Abstract:
Dependency parsing is an act of extracting the relations among the words or morphemes using
dependency type to resolve ambiguities among the head and its modifiers. Humans use facial
expressions, tone of speech, body language, and others to make a natural language more clear
and understandable. Unlike humans, machines need well-formed and studied language
structures for both natural language understanding and generations. This was achieved through
developing natural language processing applications. Hence Afaan Oromoo dependency parser
was developed to resolve and clarify misunderstandings among Afaan Oromoo morphemes.
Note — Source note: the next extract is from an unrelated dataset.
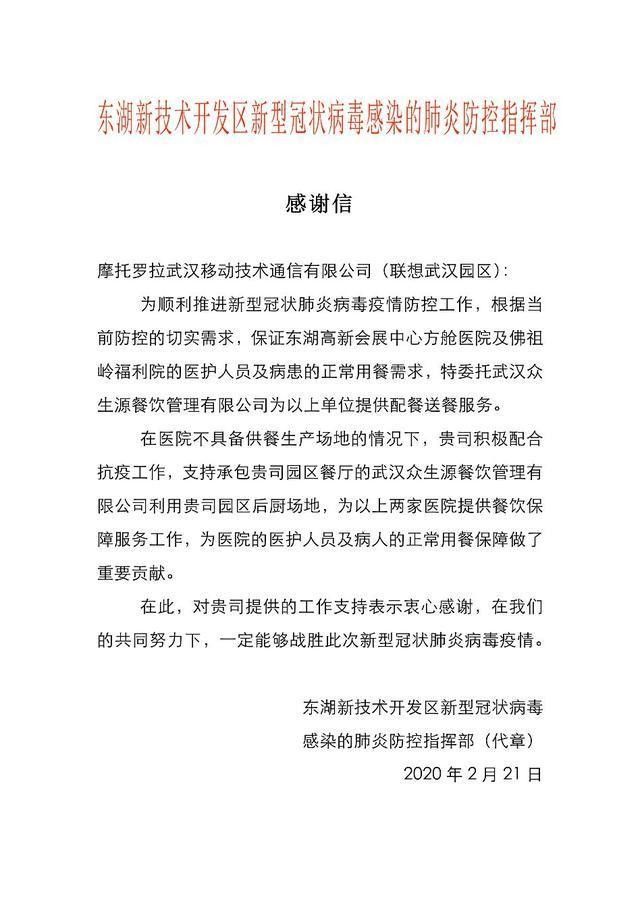 “能第一时间把热腾腾的饭餐送到医院,让大家感受到温暖,一切都是值得的。”一名联想员工曾这样表示。他们的事迹鼓舞着抗疫前线每一个人,而他们也收到了来自东湖新技术开发区新冠肺炎防控指挥部的诚挚感谢。

Even though, constituent parsers and universal dependency parsers exist they are not effective
to handle morpheme information. Among dependency parser approaches, data driven approach
was selected in Afaan Oromoo dependency parser to obtain morphemes and word order
features in Afaan Oromoo. From a data-driven approach transition system was selected for its
simplicity and fast performance than graph-based dependency parsers. Particularly arc standard is used to generate an unlabeled dependency graph. Afaan Oromoo dependency parser
was developed from two sub-models that work self-reliantly. The first one is used to predict
the transition and then generates an unlabeled dependency graph (tree). The second one is used
to predict the relation types and generate a labeled dependency graph. RNN algorithm was
selected to handle sequences of Afaan Oromoo morphemes and extract the language patterns.
The treebank was constructed from 500 sentences and in the first model 3480 and 1740
instances of configurations were used for training and test data. In the second model 1000 and
415 (head-dependents) were used for training and test purposes. Consequently, LSTM and
BILSTM had experimented and the BILSTM has shown better accuracy for classifications of
both transitions and relations. The first model performs an accuracy of 90% using BILSTM
and 89% using LSTM. Next, the second model scored 71% for BILSTM and 69% for LSTM.
Additionally, using BILSTM the model scores 60% for UAS and 40% for LAS. To sum up,
the performance of the deep learning models is directly proportional to corpus size. And also
increasing dependency labels enhances clarifications between the morphemes.